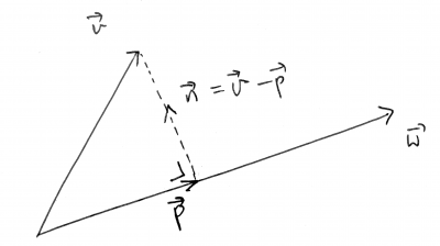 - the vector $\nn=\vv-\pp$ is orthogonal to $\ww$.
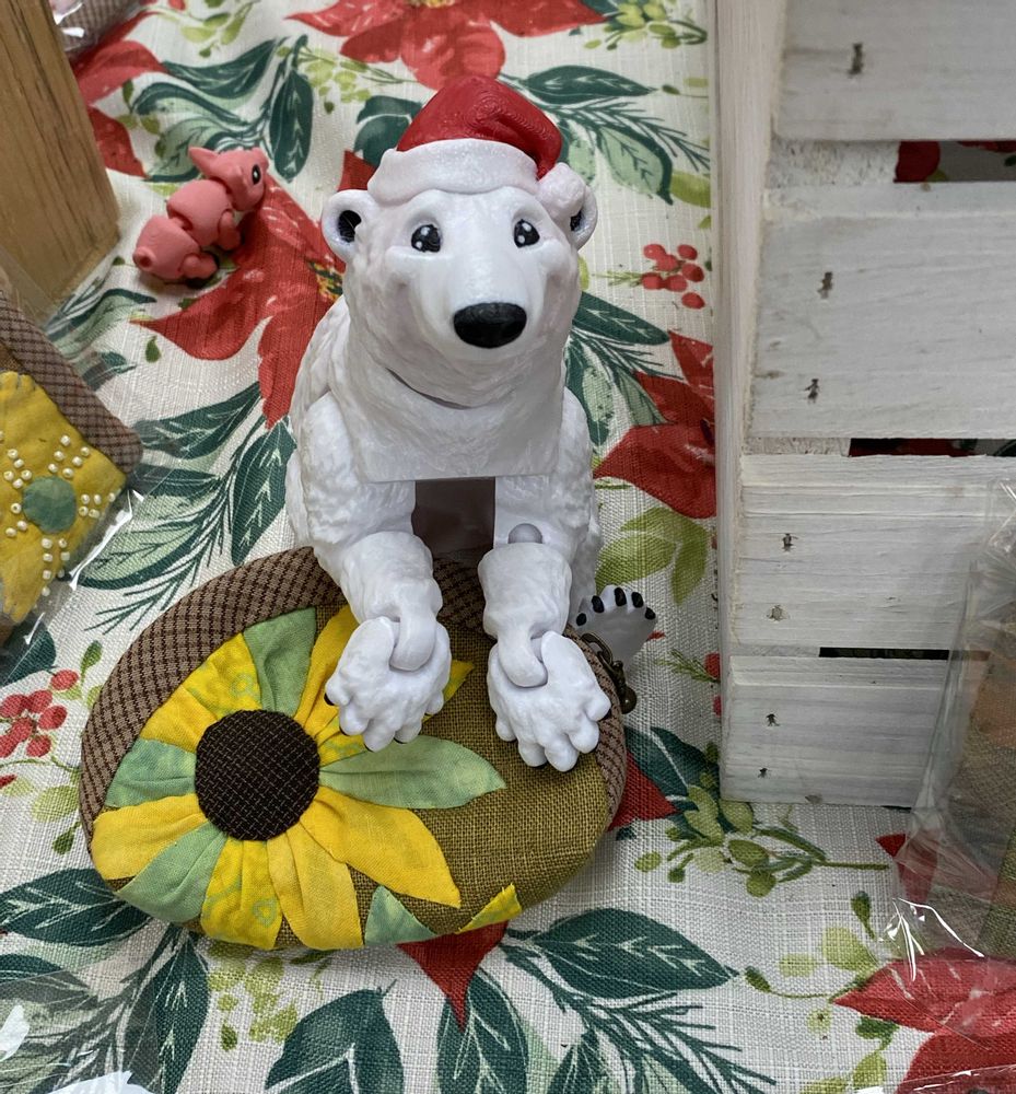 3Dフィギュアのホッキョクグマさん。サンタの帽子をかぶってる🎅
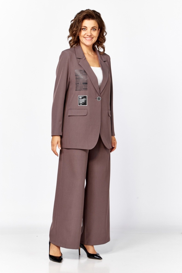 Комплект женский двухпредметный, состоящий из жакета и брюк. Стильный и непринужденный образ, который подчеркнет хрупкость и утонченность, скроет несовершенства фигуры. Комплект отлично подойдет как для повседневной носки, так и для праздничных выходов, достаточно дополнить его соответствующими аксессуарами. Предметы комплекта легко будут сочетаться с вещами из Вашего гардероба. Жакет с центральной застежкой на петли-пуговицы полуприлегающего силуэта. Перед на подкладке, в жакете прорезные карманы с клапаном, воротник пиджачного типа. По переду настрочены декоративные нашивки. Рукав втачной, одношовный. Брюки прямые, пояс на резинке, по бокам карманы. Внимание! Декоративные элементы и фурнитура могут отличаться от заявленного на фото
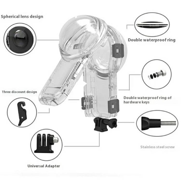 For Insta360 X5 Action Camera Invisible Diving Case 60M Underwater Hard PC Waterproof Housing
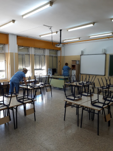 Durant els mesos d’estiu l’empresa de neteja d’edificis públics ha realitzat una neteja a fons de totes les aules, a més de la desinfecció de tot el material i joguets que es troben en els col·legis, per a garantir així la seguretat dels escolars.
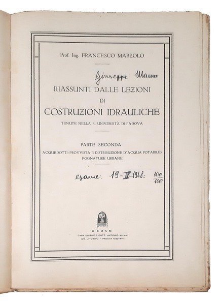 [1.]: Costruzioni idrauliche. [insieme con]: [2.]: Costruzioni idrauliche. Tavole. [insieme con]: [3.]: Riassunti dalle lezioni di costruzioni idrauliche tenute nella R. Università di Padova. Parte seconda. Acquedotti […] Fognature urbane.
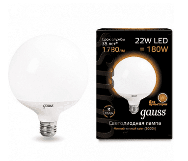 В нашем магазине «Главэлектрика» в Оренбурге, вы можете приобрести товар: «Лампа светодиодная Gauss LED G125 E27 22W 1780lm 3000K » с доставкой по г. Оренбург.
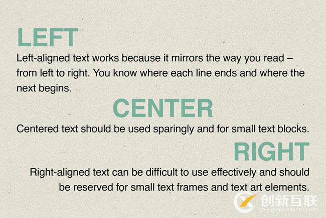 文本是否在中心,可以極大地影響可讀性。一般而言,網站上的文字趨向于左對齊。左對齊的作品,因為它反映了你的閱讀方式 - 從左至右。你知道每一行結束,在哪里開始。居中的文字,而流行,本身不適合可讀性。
--------------------------------
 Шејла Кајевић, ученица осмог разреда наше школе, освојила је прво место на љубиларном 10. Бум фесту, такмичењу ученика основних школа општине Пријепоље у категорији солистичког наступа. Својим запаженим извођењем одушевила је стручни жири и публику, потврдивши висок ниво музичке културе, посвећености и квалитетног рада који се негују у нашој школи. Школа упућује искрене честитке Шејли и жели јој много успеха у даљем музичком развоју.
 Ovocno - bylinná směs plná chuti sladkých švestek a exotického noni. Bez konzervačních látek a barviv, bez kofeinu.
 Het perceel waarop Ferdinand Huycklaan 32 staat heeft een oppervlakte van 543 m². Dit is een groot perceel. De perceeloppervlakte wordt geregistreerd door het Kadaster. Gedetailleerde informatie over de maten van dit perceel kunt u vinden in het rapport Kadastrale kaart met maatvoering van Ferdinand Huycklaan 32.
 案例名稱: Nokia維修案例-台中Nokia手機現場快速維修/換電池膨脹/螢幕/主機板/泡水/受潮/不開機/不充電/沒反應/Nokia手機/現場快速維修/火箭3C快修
--------------------------------
Take the line above containing "Ovocno - bylinná", the line containing "案例名稱: Nokia維修案", and all lines in between, and copy them exactly without anything else.

* _Response to the task_
 Ovocno - bylinná směs plná chuti sladkých švestek a exotického noni. Bez konzervačních látek a barviv, bez kofeinu.
 Het perceel waarop Ferdinand Huycklaan 32 staat heeft een oppervlakte van 543 m². Dit is een groot perceel. De perceeloppervlakte wordt geregistreerd door het Kadaster. Gedetailleerde informatie over de maten van dit perceel kunt u vinden in het rapport Kadastrale kaart met maatvoering van Ferdinand Huycklaan 32.
 案例名稱: Nokia維修案例-台中Nokia手機現場快速維修/換電池膨脹/螢幕/主機板/泡水/受潮/不開機/不充電/沒反應/Nokia手機/現場快速維修/火箭3C快修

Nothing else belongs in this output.